Problems With Creditors

It’s been established that low credit scores can lead to negative outcomes. If you have a history of making bad borrowing decisions, you may find it challenging to secure a loan in the future. On the other hand, if you’re given a loan, the interest rate is likely to be quite high.

While most creditors are ready to take on higher risks, there are limits to what a person or institution can take. If you have extremely low credit, they may deny your loan application.

Higher Payment For The Loan

A low credit score can affect your ability to collect a loan. However, if you’re eventually given a loan, the lender will likely charge you a higher interest rate to cover the risk involved. The downside is that it’ll increase your borrowing costs, reducing the amount of cash you can put toward other financial goals.

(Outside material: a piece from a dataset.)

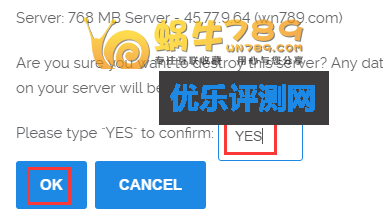 2、选择重装之后需要输入”YES”确认重装。重装的系统版本是你创建VPS是选择的版本。

Aside from higher interest rates, you may pay extra fees, such as origination fees, to collect a loan.

Higher Insurance Premiums

Insurance premiums, such as the cost of auto insurance, are another thing that can be affected by low credit scores. Most insurers ask for a driver’s credit record. This helps them decide how likely it is that the driver will make an insurance claim. 

Following Ascent’s data, the average cost of car insurance for people with excellent credit is $1,703. This is $943 lower in price when compared to the overall average insurance premium of $2,646. In essence, drivers with excellent credit scores end up saving more money on their auto insurance bills. 

On the other hand, drivers with low credit scores pay more because of their credit histories. The average auto insurance premium for drivers with low credits is around $3,622. It is $1,919 more than what excellent credit drivers would pay.

Difficulty in Career Advancement

It may come as a surprise that employers use credit scores as one of the ways to vet prospective applicants. So, a low credit score can affect your chances of landing a job. 

Credit history provides relevant information about a potential employee. Some of this information includes:

  • Information on your payment history. This determines if you’re financially responsible and how responsible you’ll be at work. Your employer may feel that you won’t be able to fulfill your work obligations due to your poor credit history.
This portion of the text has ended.